In China, Sima Qian (around 100 BC) was the first to lay the groundwork for professional historiography. His written work was the Records of the Grand Historian, a monumental lifelong achievement in literature. Its scope extends as far back as the 16th century BC, including many treatises on specific subjects, along with individual biographies for prominent people, as well as exploring the lives and deeds of commoners found in his own time or in previous eras. His work influenced every subsequent author of history in China, including the prestigious Ban family of the Eastern Han Dynasty era.

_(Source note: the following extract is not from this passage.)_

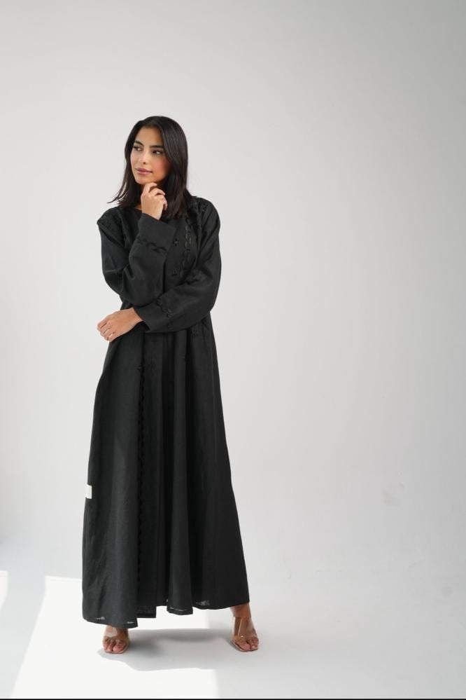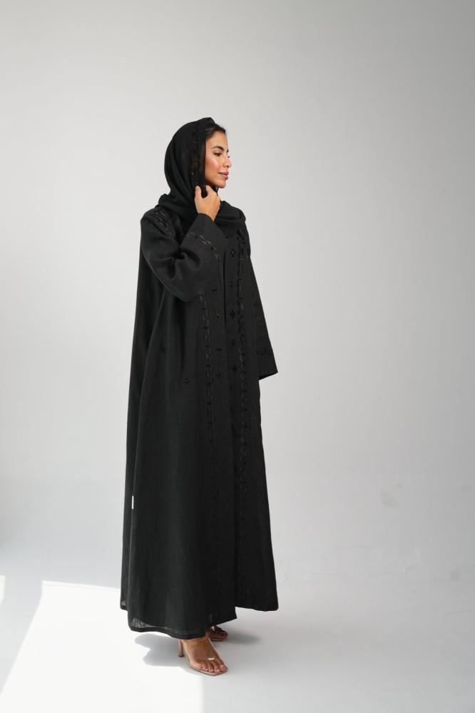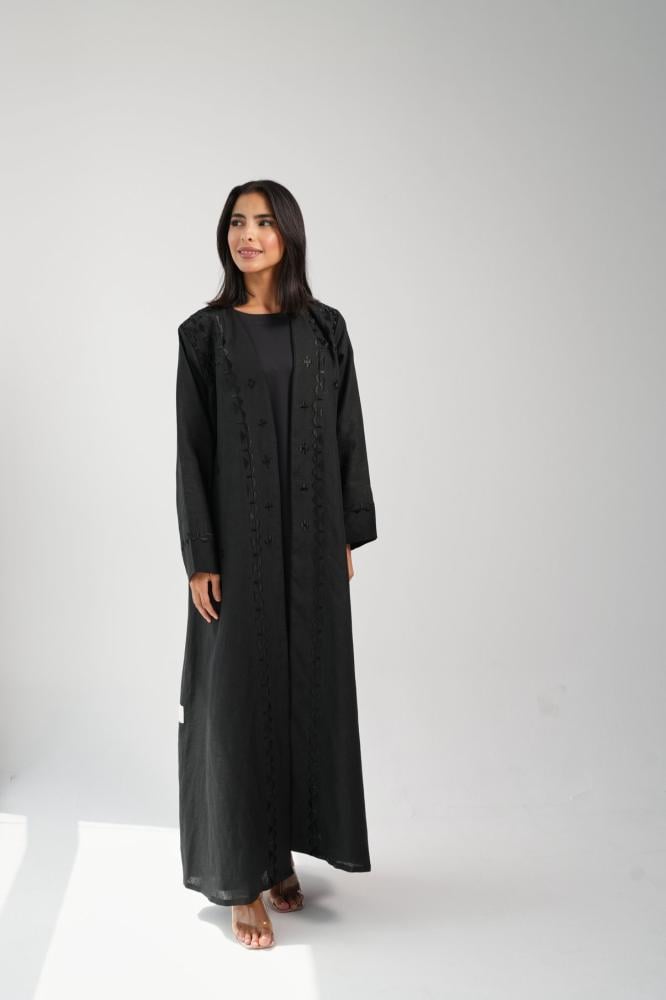 عباية مطرزة بالكامل بقصة كلوش خفيف مع طرحة مطرزة

Traditionalist Chinese historiography describes history in terms of dynastic cycles. In this view, each new dynasty is founded by a morally righteous founder. Over time, the dynasty becomes morally corrupt and dissolute. Eventually, the dynasty becomes as weak as to allow its replacement by a new dynasty.

Muslim historiography

The first detailed writings on the subject of historiography itself appeared in the works of the Arab Muslim historian and historiographer Ibn Khaldun (1332-1406), who is regarded as the father of historiography and the philosophy of history, especially for his historiographical writings in the Muqaddimah (Latinized as Prolegomena) and Kitab al-I'bar (Book of Advice). Among many other things, his Muqaddimah laid the groundwork for the observation of the role of state, communication, propaganda and systematic bias in history.

Muslim historical writings first began developing earlier from the 7th century with the reconstruction of Muhammad's life in the centuries following his death. Due to numerous conflicting narratives regarding Muhammad and his companions from various sources, it was necessary to verify which sources were more reliable. In order to evaluate these sources, various methodologies were developed, such as the "science of biography", "science of habit" and "Isnad" (chain of transmission). These methodologies were later applied to other historical figures in the Islamic civilization. Egyptology began in Arab Egypt from the 9th century, with the first known attempts at deciphering Egyptian hieroglyphs made by Dhul-Nun al-Misri and Ibn Wahshiyya. Muhammad ibn Jarir al-Tabari (838-923) is known for writing a detailed and comprehensive chronicle of Mediterranean and Middle Eastern history in his History of the Prophets and Kings in 915.

Until the 10th century, history most often meant political and military history, but this was not so with Persian historian Biruni (973-1048). In his Researches on India, he did not record political and military history in any detail, but wrote more on India's cultural, scientific, social and religious history. He also discussed more on his idea of history in another work The Chronology of the Ancient Nations. Biruni is considered the father of Ideology for his detailed studies on Indian history. Other famous Muslim historians included Urwah (d. 712), Ibn Ishaq (d. 761), Al-Waqidi (745-822), Ibn Hisham (d. 834), and Ibn Hajar (1372-1449), among others.

Franz Rosenthal wrote in the History of Muslim Historiography:

"Muslim historiography has at all times been united by the closest ties with the general development of scholarship in Islam, and the position of historical knowledge in Muslim education has exercised a decisive influence upon the intellectual level of historical writing....The Muslims achieved a definite advance beyond previous historical writing in the sociological understanding of history and the systematisation of historiography. The development of modern historical writing seems to have gained considerably in speed and substance through the utilization of a Muslim Literature which enabled western historians, from the seventeenth century on, to see a large section of the world through foreign eyes. The Muslim historiography helped indirectly and modestly to shape present day historical thinking."